### Work instructions:
What you return should match the data word for word, minus the images.

### Stored data:
◇ ◇ ◇ ◇ ◇
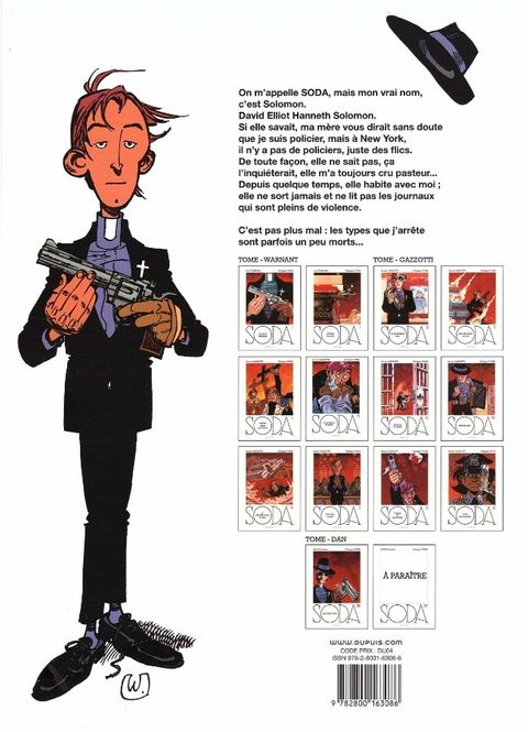 Ce premier tome pose les bases d’une série prometteuse. On y découvre un flic new-yorkais atypique, qui joue les pasteurs pour protéger sa mère. Attachant, un brin maladroit mais courageux, Soda évolue dans un univers sombre, réaliste et parfois grinçant, tout en gardant une pointe d’humour. L’intrigue, intense et parfois (...) Voir le commentaire
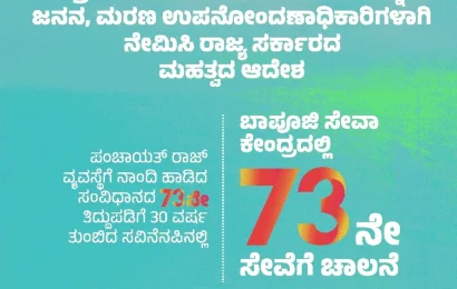 Share this on WhatsAppರಾಜ್ಯದ ಜನತೆಗೆ ಗುಡ್ ನ್ಯೂಸ್ : ಇನ್ಮುಂದೆ ʻಬಾಪೂಜಿ ಸೇವಾ ಕೇಂದ್ರʼಗಳಲ್ಲೇ ಸಿಗಲಿದೆ ʻಜನನ- ಮರಣ ನೋಂದಣಿʼ ಸೇವೆ ಬೆಂಗಳೂರು : ರಾಜ್ಯ ಸರ್ಕಾರವು ಜನತೆಗೆ ಮತ್ತೊಂದು ಗುಡ್ ನ್ಯೂಸ್ ನೀಡಿದ್ದು, ಬಾಪೂಜಿ ಸೇವಾ ಕೇಂದ್ರಗಳಲ್ಲಿ ಇನ್ಮುಂದೆ … Continue reading ರಾಜ್ಯದ ಜನತೆಗೆ ಗುಡ್ ನ್ಯೂಸ್ : ಇನ್ಮುಂದೆ ಬಾಪೂಜಿ ಸೇವಾ ಕೇಂದ್ರಗಳಲ್ಲೇ ಸಿಗಲಿದೆ ಜನನ- ಮರಣ ನೋಂದಣಿ ಸೇವೆ – Vishwanews24
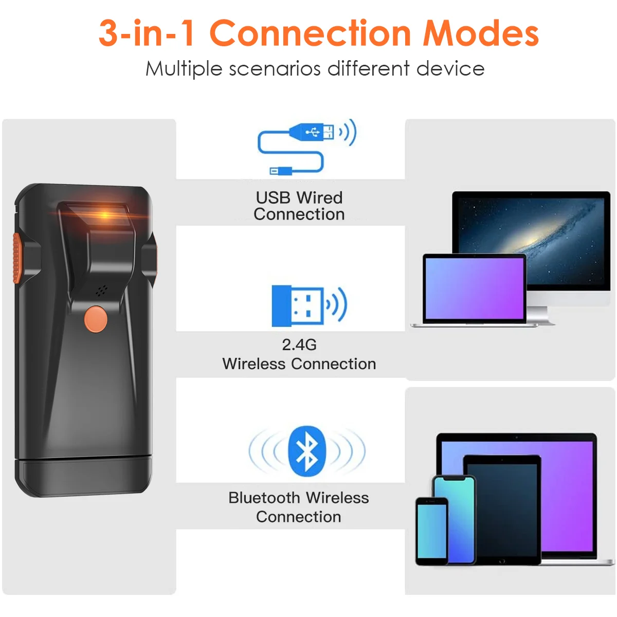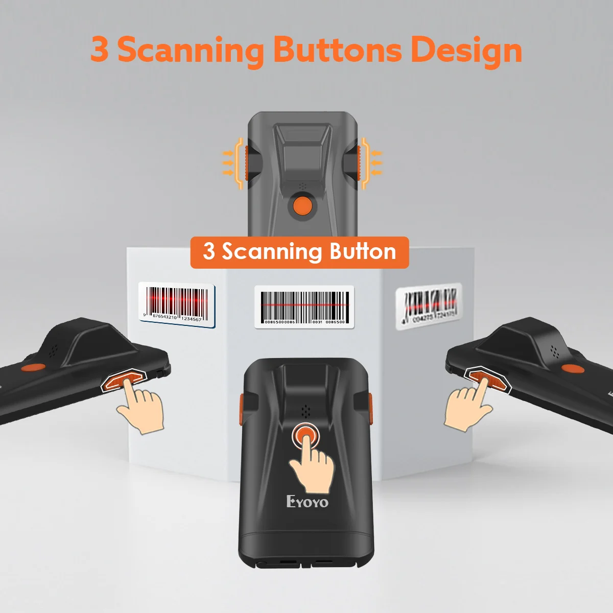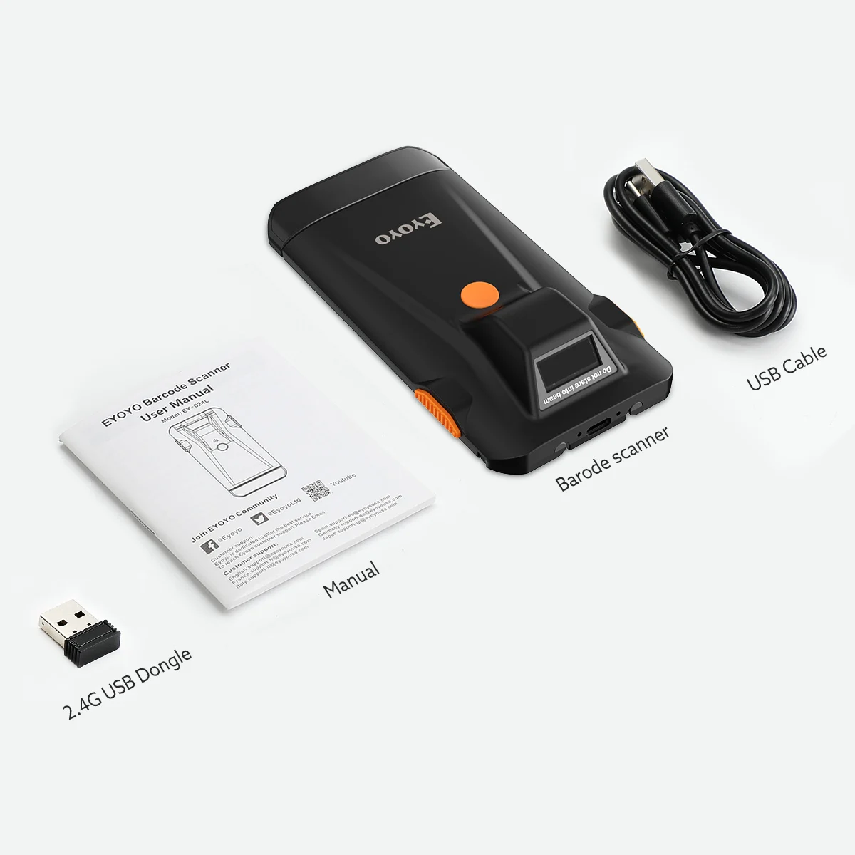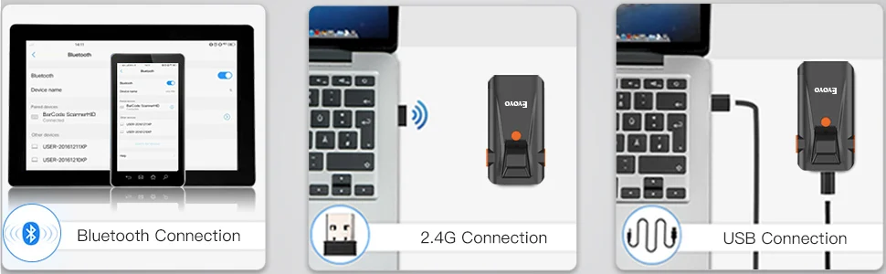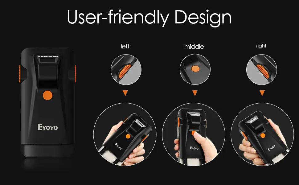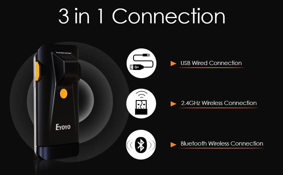 Eyoyo 1D super mini portable barcode scanner with  Bluetooth, 2.4G wireless and USB wired 3 connection ways, lightweight, easy to use and carry. Built-in 500mAh rechargeable lithium battery, supports continuous scanning most of 1D barcodes for 10 hours. Moreover, various custom configurations can be made according to your needs.
◇ ◇ ◇ ◇ ◇
### Solution to this exercise:
 Ce premier tome pose les bases d’une série prometteuse. On y découvre un flic new-yorkais atypique, qui joue les pasteurs pour protéger sa mère. Attachant, un brin maladroit mais courageux, Soda évolue dans un univers sombre, réaliste et parfois grinçant, tout en gardant une pointe d’humour. L’intrigue, intense et parfois (...) Voir le commentaire
 Share this on WhatsAppರಾಜ್ಯದ ಜನತೆಗೆ ಗುಡ್ ನ್ಯೂಸ್ : ಇನ್ಮುಂದೆ ʻಬಾಪೂಜಿ ಸೇವಾ ಕೇಂದ್ರʼಗಳಲ್ಲೇ ಸಿಗಲಿದೆ ʻಜನನ- ಮರಣ ನೋಂದಣಿʼ ಸೇವೆ ಬೆಂಗಳೂರು : ರಾಜ್ಯ ಸರ್ಕಾರವು ಜನತೆಗೆ ಮತ್ತೊಂದು ಗುಡ್ ನ್ಯೂಸ್ ನೀಡಿದ್ದು, ಬಾಪೂಜಿ ಸೇವಾ ಕೇಂದ್ರಗಳಲ್ಲಿ ಇನ್ಮುಂದೆ … Continue reading ರಾಜ್ಯದ ಜನತೆಗೆ ಗುಡ್ ನ್ಯೂಸ್ : ಇನ್ಮುಂದೆ ಬಾಪೂಜಿ ಸೇವಾ ಕೇಂದ್ರಗಳಲ್ಲೇ ಸಿಗಲಿದೆ ಜನನ- ಮರಣ ನೋಂದಣಿ ಸೇವೆ – Vishwanews24
 Eyoyo 1D super mini portable barcode scanner with  Bluetooth, 2.4G wireless and USB wired 3 connection ways, lightweight, easy to use and carry. Built-in 500mAh rechargeable lithium battery, supports continuous scanning most of 1D barcodes for 10 hours. Moreover, various custom configurations can be made according to your needs.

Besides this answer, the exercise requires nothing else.